Segment Start: Records

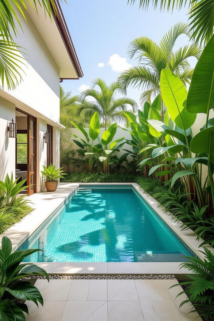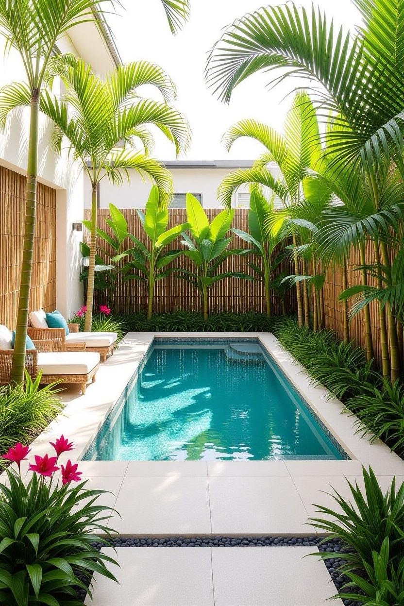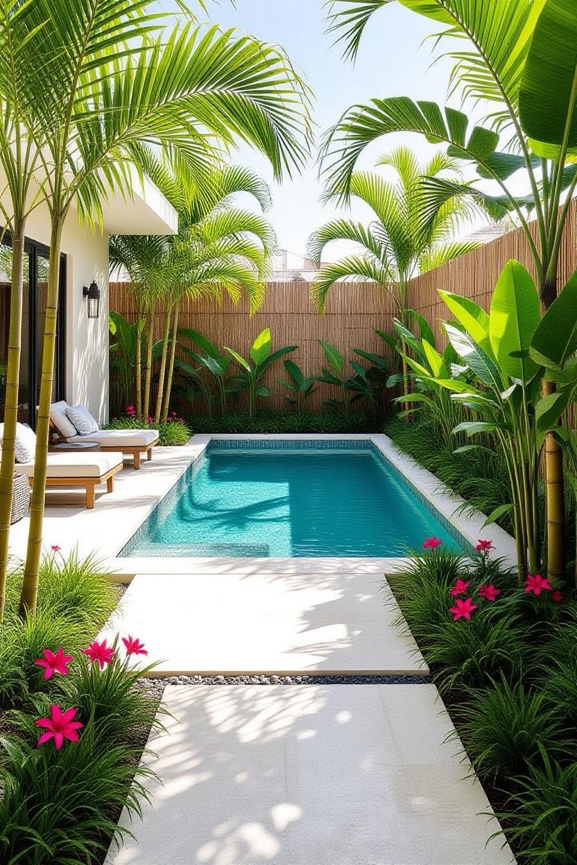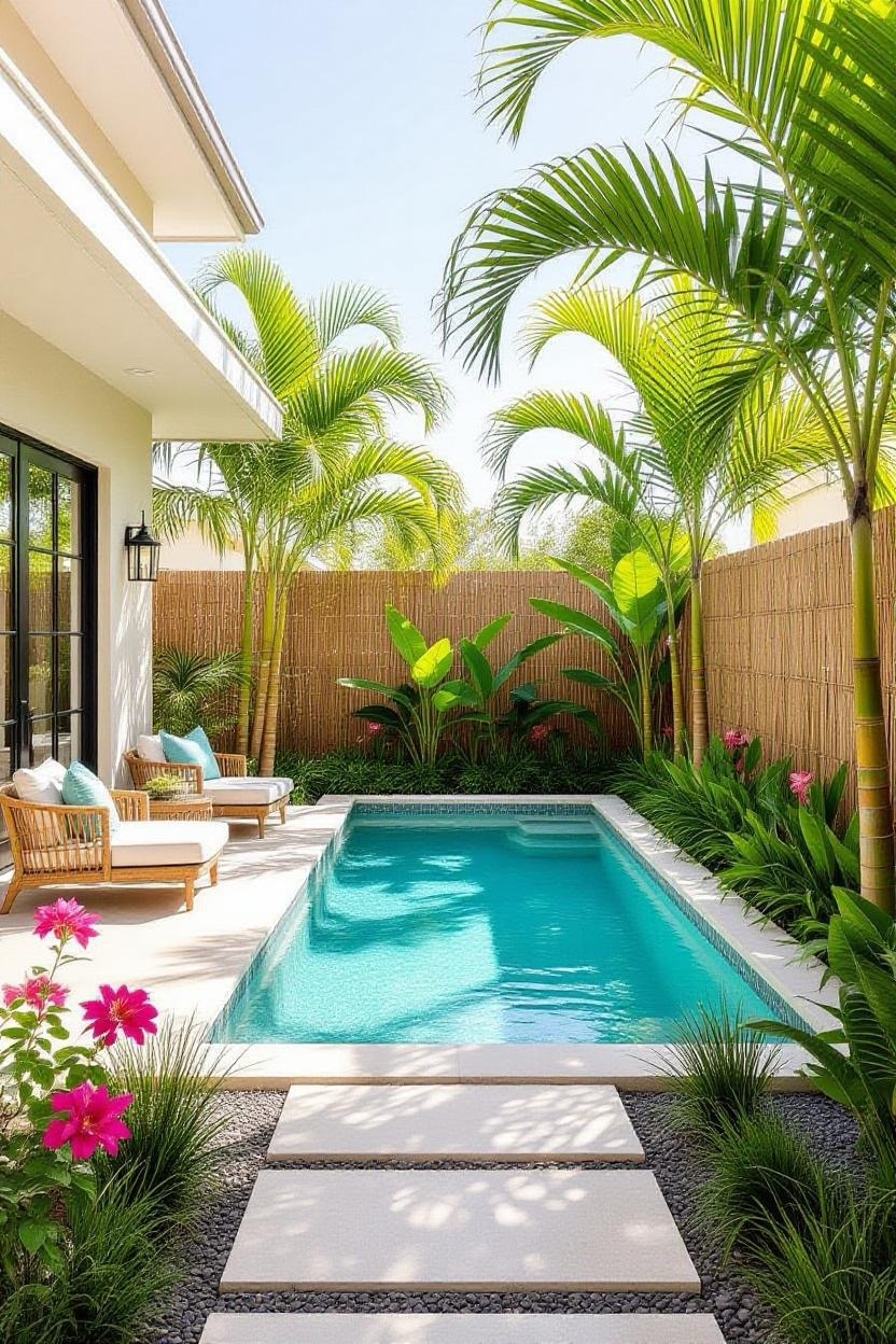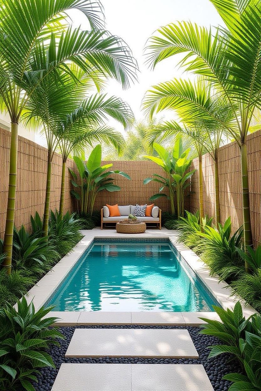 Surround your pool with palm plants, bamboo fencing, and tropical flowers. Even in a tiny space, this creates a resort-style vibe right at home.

Segment End: Records
Segment Start: Records

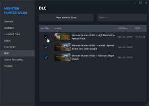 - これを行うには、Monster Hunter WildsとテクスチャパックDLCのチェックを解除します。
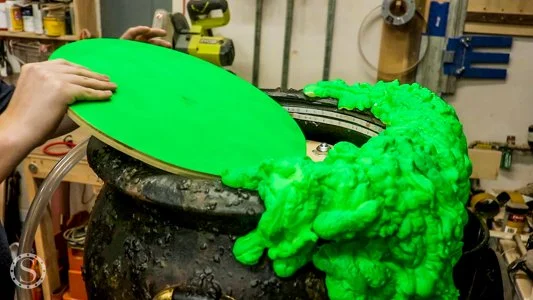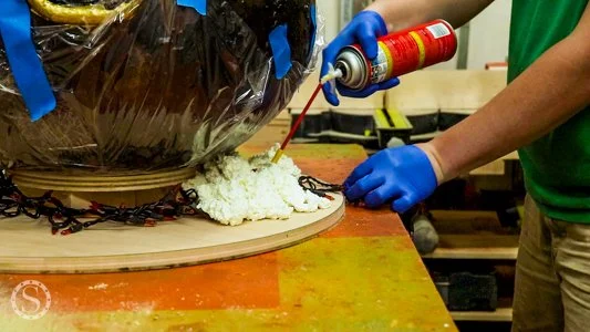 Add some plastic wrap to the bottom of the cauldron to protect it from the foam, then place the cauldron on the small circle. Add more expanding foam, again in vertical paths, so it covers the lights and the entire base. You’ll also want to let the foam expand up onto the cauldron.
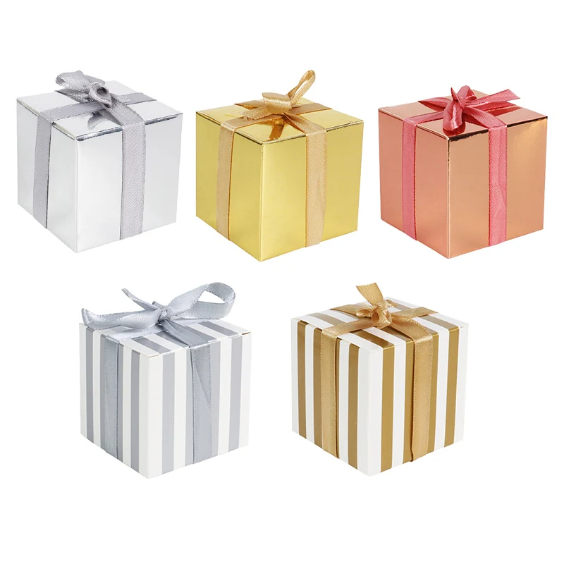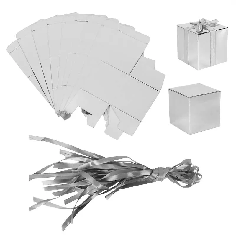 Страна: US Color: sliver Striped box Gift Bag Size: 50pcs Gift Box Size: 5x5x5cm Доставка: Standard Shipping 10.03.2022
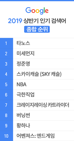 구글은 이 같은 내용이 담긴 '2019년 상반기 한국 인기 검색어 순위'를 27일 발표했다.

Segment End: Records
Segment Start: Records

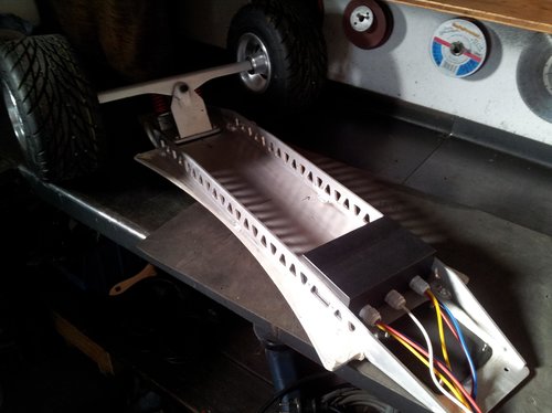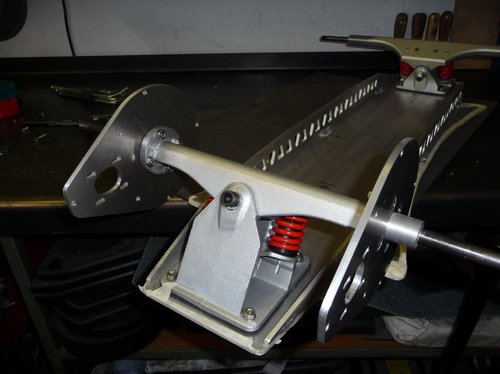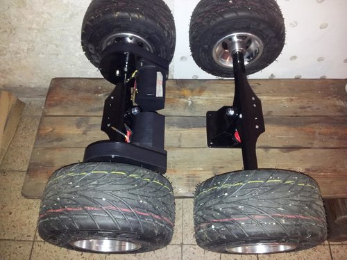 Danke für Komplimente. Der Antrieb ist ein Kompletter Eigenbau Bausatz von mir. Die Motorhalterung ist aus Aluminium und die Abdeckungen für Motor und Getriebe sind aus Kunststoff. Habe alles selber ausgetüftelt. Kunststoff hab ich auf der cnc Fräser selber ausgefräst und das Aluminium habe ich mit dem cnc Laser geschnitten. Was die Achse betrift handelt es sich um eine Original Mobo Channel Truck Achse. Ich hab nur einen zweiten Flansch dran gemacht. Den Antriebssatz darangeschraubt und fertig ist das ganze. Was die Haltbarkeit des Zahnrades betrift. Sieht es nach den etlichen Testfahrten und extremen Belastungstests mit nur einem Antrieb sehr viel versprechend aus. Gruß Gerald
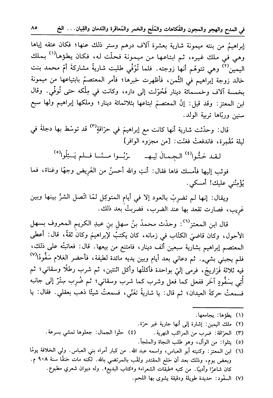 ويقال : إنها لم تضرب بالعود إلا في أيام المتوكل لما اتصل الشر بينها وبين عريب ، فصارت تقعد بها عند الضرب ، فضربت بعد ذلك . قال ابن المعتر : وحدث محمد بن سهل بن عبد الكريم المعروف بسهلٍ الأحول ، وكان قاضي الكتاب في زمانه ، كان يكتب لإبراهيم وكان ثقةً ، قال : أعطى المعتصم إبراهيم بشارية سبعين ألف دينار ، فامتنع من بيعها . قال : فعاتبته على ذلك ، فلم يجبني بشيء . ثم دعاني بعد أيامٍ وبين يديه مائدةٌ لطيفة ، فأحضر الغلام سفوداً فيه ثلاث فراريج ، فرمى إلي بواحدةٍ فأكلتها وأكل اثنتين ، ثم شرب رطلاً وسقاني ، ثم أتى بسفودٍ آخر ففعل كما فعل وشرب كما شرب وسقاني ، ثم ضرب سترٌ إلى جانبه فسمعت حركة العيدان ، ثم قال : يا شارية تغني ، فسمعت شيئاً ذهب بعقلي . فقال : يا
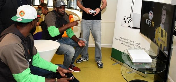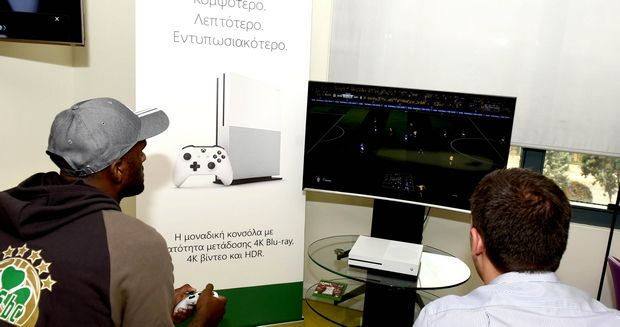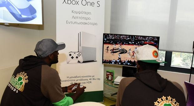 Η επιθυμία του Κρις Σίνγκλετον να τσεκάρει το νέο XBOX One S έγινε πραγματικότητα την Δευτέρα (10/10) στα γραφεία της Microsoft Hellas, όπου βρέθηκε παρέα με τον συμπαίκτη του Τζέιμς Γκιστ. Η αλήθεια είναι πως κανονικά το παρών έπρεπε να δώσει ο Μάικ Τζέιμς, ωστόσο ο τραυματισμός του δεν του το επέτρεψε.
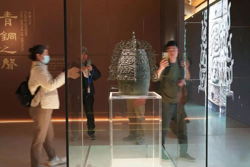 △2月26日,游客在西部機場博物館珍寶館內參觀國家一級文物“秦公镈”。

Segment End: Records

Try it: Reproduce word for word, with pictures dropped, only the part of the material above that opens with the line containing "- これを行うには、Monster Hunter" and closes with the line containing "구글은 이 같은 내용이".

Written response:
 - これを行うには、Monster Hunter WildsとテクスチャパックDLCのチェックを解除します。
 Add some plastic wrap to the bottom of the cauldron to protect it from the foam, then place the cauldron on the small circle. Add more expanding foam, again in vertical paths, so it covers the lights and the entire base. You’ll also want to let the foam expand up onto the cauldron.
 Страна: US Color: sliver Striped box Gift Bag Size: 50pcs Gift Box Size: 5x5x5cm Доставка: Standard Shipping 10.03.2022
 구글은 이 같은 내용이 담긴 '2019년 상반기 한국 인기 검색어 순위'를 27일 발표했다.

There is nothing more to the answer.